Enhancing malware analysis sandboxes with emulated user behavior
Introduction
Along with the increasing number of sophisticated malware that adopts packing and obfuscation techniques (Cheng, Ming, Fu, Peng, Chen, Zhang, Marion, 2018, Sharif, Yegneswaran, Saidi, Porras, Lee, 2008), malware analysis sandbox systems have been widely used to help malware analysts provide the fine-grained dissection of malicious functionalities via monitoring malware’s run-time behaviors (Analysis, Inc, 2021, McAfee). Meanwhile, malware developers began to develop countermeasures to circumvent sandboxes (Afianian et al., 2019). For Example, malware can identify sandbox environments by checking system traits such as usernames, system settings, analysis instrumentation files, and installed drivers (Chen, Andersen, Mao, Bailey, Nazario, 2008, Kapravelos, Cova, Kruegel, Vigna, 2011, Keragala, 2016, Lindorfer, Kolbitsch, Comparetti, 2011).

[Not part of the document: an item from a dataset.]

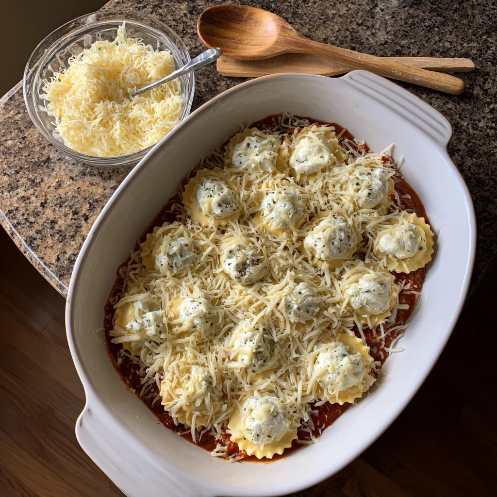 Then, spread half of the cheese mixture over the ravioli and top with 1 cup of shredded mozzarella. This is your first luscious layer — and it’s already looking like comfort food heaven
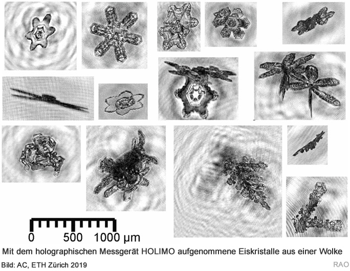 Er ist mit verschiedenen Messinstrumenten ausgerüstet, um die physikalischen Vorgänge im Inneren von Wolken zu untersuchen. Darunter ist zum Beispiel ein holographisches Gerät, das Bilder von einzelnen Niederschlagsteilchen macht. Mit diesen Aufnahmen können die Forschenden die Grössenverteilung der Teilchen messen und bestimmen, ob es sich um flüssige Tröpfchen oder um kleine Eispartikel handelt.

Moreover, advanced malware may evade sandboxes by performing timing attacks (Brengel, Backes, Rossow, 2016, Pék, Bencsáth, Buttyán, 2011), detecting CPU virtualization (Alwabel, Shi, Bartlett, Mirkovic, 2014, Martignoni, Paleari, Fresi Roglia, Bruschi, 2010, Paleari, Martignoni, Roglia, Bruschi, 2009), checking process introspection indicators (Blackthorne, Bulazel, Fasano, Biernat, Yener, 2016, Petsas, Voyatzis, Athanasopoulos, Polychronakis, Ioannidis, 2014), or even leveraging reverse Turing test (Baird, Coates, Fateman, 2003, Yokoyama, Ishii, Tanabe, Papa, Yoshioka, Matsumoto, Kasama, Inoue, Brengel, Backes, et al., 2016).
Researchers have proposed various mitigation approaches such as binary modification (Vasudevan and Yerraballi, 2006), hiding environmental artifacts (Willems et al., 2007), path exploration (Branco et al., 2012), state modification (Kang et al., 2009), heterogeneous analysis (Xu, Kim, 2017, Yan, Jayachandra, Zhang, Yin, 2012), and bare-metal analysis (Spensky et al., 2016) to minimize or eliminate discrepancies between malware analysis sandboxes and real systems. However, it remains a challenge to defeat a new anti-sandbox technique that leverages system artifacts (i.e., the registry entries, the event logs, the browsing histories, and the cached files) accumulated by normal user operations to distinguish sandbox environments from real systems (Miramirkhani et al., 2017).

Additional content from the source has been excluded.